We particularly encourage contributions that focus on:
Use cases that demonstrate how LLMs can help resolve current issues in HPSS Examples of how LLMs allow researchers to ask and answer new types of questions in HPSS How new types of sources and data, made analyzable through LLMs, contribute to novel insights in HPSS research
We look for contributions that help resolve questions like these:
How can LLMs help gain new perspectives on long-standing problems in HPSS such as determining the relevant contexts of knowledge claims, the dynamics of scientific controversies, problems of incommensurability, and generalizability of case studies? How can LLMs handle the specialized language of scientific texts, including technical jargon, citations, and mathematical formulas? How can LLMs bridge the gap between qualitative and computational methods and help overcome their limitations? How can LLMs be integrated into existing theoretical and methodological frameworks in HPSS, or how should these frameworks evolve to accommodate LLM-based analysis? How can we evaluate the validity of results generated by LLMs, given their opacity? How can LLMs account for the temporal development of scientific language and knowledge over time?
Format and practical information The workshop will take place from April 2-4, 2025 at Technische Universität Berlin. The program will consist of an invited keynote and contributed short talks (15+10 min) as well as additional sessions for discussions. Attendance (online and on site) will be free and open to the public but registration will be required. Information on this will follow closer to the date.

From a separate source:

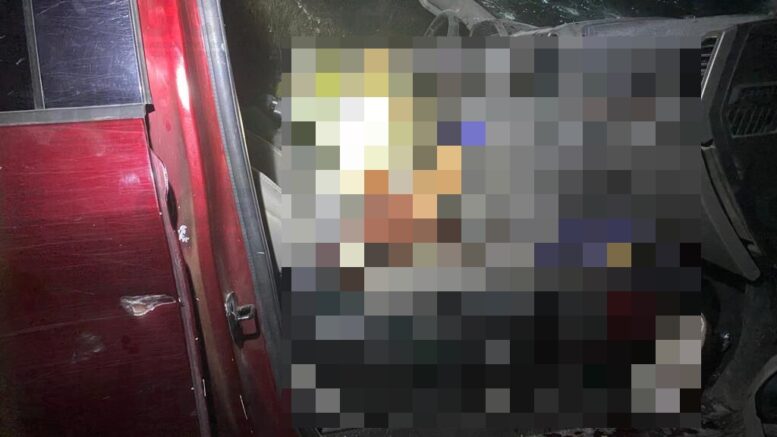 Al exterior de la vivienda, dentro del mismo predio, se localizan tres camionetas tipo Pick Up, y dentro de una de ellas con placas del Estado de Tamaulipas, se localiza una persona del sexo masculino y a su costado en el asiento del copiloto una persona del sexo femenino, y entre el asiento delantero un arma larga calibre 7.62 × 39 de las llamadas cuerno de chivo, así como múltiples poncha llantas confeccionados de manera artesanal.

To contribute a talk, please send an abstract of your planned contribution of 300-600 words by e-mail to arno.simons@tu-berlin.de by December 31, 2024. We encourage every contributor to present on site and to participate in the whole workshop program. In exceptional cases, we will offer the possibility to present remotely.
Participation of underrepresented groups is particularly welcome, and we may be able to offer financial support to cover travel costs for contributing authors in exceptional cases. Please indicate in your submission if you would like to apply for financial support.
We plan to publish the slides, videos, and abstracts on a suitable platform. We also plan to write a report on the workshop and on the perspectives resulting from it.
Stable workshop URL: https://www.tu.berlin/hps-mod-sci/workshop-llms-for-hpss
* The workshop is funded by the European Union through the project “Network Epistemology in Practice (NEPI)” (ERC Consolidator Grant, Project No. 101044932). Views and opinions expressed are however those of the organizers only and do not necessarily reflect those of the European Union or the European Research Council. Neither the European Union nor the granting authority can be held responsible for them.